You could nurse a proper basil gimlet while considering a first course. But definitely go with the baked goat cheese dip or crispy arancini—risotto fried into crunchy balls—instead of the tiny calamari rings. Opt for fresh oysters, a Pizzi restaurant darling, over any of the heavy-handed salads. And if you need a nightcap after polishing off every satisfying bite of dense and meaty Bolognese or mushroom lasagna white-sauced with bechamel and enhanced with pesto, Bocca’s lower level houses a low-key speakeasy, Verita Bar, on Thursday, Friday, and Saturday nights.

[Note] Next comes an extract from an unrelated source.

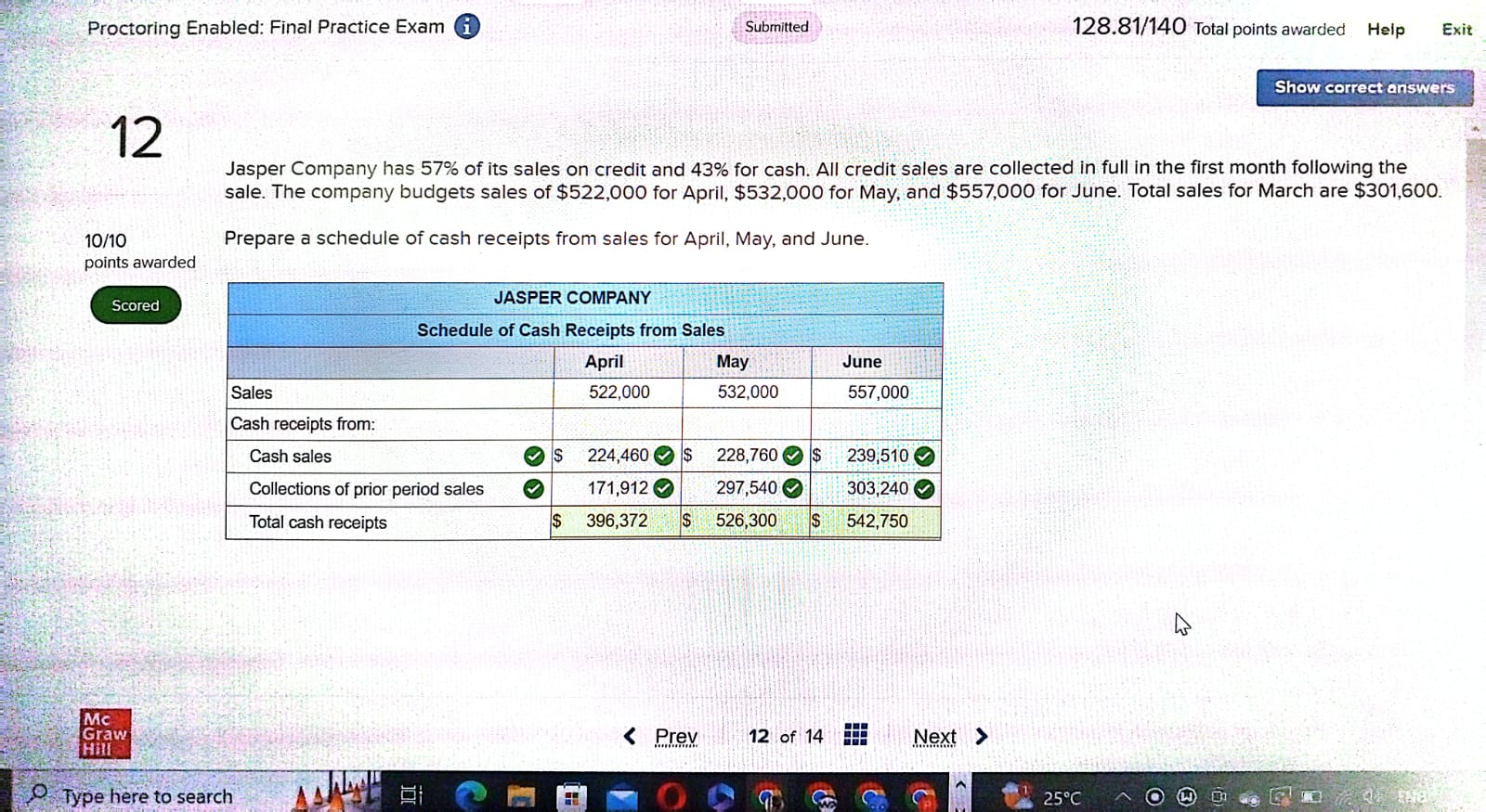 Jasper Company has 57% of its sales on credit and 43% for cash. All credit sales are collected in full in the first month following the sale. The company budgets sales of $522,000 for April, $532,000 for May, and $557,000 for June. Total sales for March are $301,600.

You can descend the stairs beside the host stand (or, “Come in through the back door after 10 p.m. and be discreet,” as directed by a note at the bottom of Verita’s dedicated craft-cocktail menu) to discover this brick-walled bunker of sofas and deep lounge chairs. It has its own bar, a soft-lit spread of potions smaller than the one upstairs but just as intoxicating. The mixology involves more showmanship. The drinks are more intricate and obscure, several built around deep-flavored Italian amaros—herbal after-dinner digestifs combined in various ways with rum, brandy, mezcal, Jack Daniel’s, and apple blossom bitters. To make the minty Amaria, the bartender uses a kitchen torch to melt brown sugar in a spoon, dribbling the molten liquid directly onto an oversized ice cube in the glass that returns it to a glob of burnt-sugar candy.

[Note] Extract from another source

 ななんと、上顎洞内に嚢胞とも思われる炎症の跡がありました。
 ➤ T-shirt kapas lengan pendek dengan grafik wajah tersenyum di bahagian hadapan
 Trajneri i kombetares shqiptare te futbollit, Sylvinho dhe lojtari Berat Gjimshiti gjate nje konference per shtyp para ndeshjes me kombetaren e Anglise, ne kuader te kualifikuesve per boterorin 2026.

The subterranean setup feels a lot like another one of Cage’s ventures, The Commodore, a moody throwback bar inside the historic Fountain Square Theatre. There’s no sign outside or directions inside to guide customers. As with Verita, if you know, you know. Demure is a risky strategy these days, but places like Bocca get our attention with a whisper and a quiet invitation to see what awaits us inside.
Bocca
INFO
122 E. 22nd St., 317-426-2045
HOURS
Tues.–Thurs., 5-10 p.m.;
Fri.-Sat., 5-11 p.m.;
Sun., 5-9 p.m.
VIBE
Italian Noir
TASTING NOTES
Modern Italian cuisine alongside traditional throwbacks.
NEIGHBORHOOD
Fall Creek Place
MUST-ORDER
Classic bolognese enriched with mushroom confit or the decadent lamb shank over polenta, and then finish strong with some impressive mixology in the basement speakeasy.